#### Instructions to follow:
Only the lines from the top of the data through the line containing "図書館開館日。今日は三年生を対象に昼休みに開放しました。" should be duplicated, exactly as they appear.

⟨

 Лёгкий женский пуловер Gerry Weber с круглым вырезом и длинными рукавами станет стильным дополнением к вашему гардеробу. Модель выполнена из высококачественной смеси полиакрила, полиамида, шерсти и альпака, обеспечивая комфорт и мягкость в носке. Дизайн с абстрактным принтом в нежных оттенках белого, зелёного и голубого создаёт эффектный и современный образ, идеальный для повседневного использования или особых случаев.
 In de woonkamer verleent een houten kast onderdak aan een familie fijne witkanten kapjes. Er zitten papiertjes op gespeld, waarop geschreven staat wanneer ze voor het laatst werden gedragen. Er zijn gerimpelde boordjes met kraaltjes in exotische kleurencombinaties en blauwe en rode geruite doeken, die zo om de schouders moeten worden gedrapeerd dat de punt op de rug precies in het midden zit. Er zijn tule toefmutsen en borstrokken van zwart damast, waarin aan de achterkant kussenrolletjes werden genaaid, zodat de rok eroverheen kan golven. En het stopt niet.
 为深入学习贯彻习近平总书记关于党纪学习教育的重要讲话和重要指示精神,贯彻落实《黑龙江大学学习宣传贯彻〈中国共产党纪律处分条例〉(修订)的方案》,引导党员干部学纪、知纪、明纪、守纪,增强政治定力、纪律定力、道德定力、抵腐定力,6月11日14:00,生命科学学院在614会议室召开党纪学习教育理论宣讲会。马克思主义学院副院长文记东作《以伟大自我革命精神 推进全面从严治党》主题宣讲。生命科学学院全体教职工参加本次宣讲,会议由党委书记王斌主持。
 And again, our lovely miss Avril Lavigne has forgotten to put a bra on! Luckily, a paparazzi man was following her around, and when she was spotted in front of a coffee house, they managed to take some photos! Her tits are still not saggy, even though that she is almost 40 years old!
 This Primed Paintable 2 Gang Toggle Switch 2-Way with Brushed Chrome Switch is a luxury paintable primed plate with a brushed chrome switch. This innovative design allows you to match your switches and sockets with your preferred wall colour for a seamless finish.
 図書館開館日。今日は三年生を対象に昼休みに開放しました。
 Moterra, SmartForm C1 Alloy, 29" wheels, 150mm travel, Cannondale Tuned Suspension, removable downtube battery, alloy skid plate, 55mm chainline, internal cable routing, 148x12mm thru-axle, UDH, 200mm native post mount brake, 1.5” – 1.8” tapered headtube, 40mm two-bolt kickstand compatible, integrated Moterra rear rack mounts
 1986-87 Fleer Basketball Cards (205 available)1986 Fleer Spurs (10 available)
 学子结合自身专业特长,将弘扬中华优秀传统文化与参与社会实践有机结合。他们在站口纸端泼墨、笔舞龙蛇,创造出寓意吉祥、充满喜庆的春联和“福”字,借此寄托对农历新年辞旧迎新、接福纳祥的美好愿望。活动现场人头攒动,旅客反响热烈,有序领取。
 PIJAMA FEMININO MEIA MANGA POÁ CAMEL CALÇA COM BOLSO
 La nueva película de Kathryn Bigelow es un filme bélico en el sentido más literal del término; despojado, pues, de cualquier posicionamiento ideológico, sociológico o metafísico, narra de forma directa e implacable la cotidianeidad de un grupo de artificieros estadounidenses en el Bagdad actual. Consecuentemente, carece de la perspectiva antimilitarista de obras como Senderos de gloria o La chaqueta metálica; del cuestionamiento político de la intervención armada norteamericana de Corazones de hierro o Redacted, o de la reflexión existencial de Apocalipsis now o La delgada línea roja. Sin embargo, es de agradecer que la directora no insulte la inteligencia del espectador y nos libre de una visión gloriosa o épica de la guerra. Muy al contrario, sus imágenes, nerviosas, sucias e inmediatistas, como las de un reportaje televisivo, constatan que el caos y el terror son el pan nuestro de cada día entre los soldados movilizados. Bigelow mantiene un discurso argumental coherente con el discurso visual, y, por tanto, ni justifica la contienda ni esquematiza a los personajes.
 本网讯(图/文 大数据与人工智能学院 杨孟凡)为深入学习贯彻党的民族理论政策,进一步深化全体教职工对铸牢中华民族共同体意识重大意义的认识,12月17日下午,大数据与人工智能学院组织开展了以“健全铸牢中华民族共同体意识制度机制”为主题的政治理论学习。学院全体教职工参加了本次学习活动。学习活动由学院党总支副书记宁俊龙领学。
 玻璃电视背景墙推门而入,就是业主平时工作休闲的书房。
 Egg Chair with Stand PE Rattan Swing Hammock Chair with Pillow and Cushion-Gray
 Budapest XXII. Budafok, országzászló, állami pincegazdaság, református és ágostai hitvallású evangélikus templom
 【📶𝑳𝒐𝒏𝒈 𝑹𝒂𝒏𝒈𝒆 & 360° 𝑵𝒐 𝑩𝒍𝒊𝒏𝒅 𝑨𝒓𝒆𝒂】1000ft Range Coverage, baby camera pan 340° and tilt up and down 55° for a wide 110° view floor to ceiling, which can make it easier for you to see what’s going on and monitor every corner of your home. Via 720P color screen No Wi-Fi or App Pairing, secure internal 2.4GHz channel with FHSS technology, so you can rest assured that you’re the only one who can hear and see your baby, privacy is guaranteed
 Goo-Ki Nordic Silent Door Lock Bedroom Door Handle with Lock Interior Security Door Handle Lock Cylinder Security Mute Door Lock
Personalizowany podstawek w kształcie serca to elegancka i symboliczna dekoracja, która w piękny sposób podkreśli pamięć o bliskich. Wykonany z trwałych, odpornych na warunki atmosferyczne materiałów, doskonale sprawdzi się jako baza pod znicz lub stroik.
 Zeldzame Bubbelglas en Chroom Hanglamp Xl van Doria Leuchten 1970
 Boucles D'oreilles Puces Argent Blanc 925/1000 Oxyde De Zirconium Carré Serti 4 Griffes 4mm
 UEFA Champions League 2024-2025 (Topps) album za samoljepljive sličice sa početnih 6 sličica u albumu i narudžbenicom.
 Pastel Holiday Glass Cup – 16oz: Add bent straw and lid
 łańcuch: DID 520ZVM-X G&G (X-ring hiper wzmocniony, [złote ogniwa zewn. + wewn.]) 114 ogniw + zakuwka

⟩

#### Your response:
 Лёгкий женский пуловер Gerry Weber с круглым вырезом и длинными рукавами станет стильным дополнением к вашему гардеробу. Модель выполнена из высококачественной смеси полиакрила, полиамида, шерсти и альпака, обеспечивая комфорт и мягкость в носке. Дизайн с абстрактным принтом в нежных оттенках белого, зелёного и голубого создаёт эффектный и современный образ, идеальный для повседневного использования или особых случаев.
 In de woonkamer verleent een houten kast onderdak aan een familie fijne witkanten kapjes. Er zitten papiertjes op gespeld, waarop geschreven staat wanneer ze voor het laatst werden gedragen. Er zijn gerimpelde boordjes met kraaltjes in exotische kleurencombinaties en blauwe en rode geruite doeken, die zo om de schouders moeten worden gedrapeerd dat de punt op de rug precies in het midden zit. Er zijn tule toefmutsen en borstrokken van zwart damast, waarin aan de achterkant kussenrolletjes werden genaaid, zodat de rok eroverheen kan golven. En het stopt niet.
 为深入学习贯彻习近平总书记关于党纪学习教育的重要讲话和重要指示精神,贯彻落实《黑龙江大学学习宣传贯彻〈中国共产党纪律处分条例〉(修订)的方案》,引导党员干部学纪、知纪、明纪、守纪,增强政治定力、纪律定力、道德定力、抵腐定力,6月11日14:00,生命科学学院在614会议室召开党纪学习教育理论宣讲会。马克思主义学院副院长文记东作《以伟大自我革命精神 推进全面从严治党》主题宣讲。生命科学学院全体教职工参加本次宣讲,会议由党委书记王斌主持。
 And again, our lovely miss Avril Lavigne has forgotten to put a bra on! Luckily, a paparazzi man was following her around, and when she was spotted in front of a coffee house, they managed to take some photos! Her tits are still not saggy, even though that she is almost 40 years old!
 This Primed Paintable 2 Gang Toggle Switch 2-Way with Brushed Chrome Switch is a luxury paintable primed plate with a brushed chrome switch. This innovative design allows you to match your switches and sockets with your preferred wall colour for a seamless finish.
 図書館開館日。今日は三年生を対象に昼休みに開放しました。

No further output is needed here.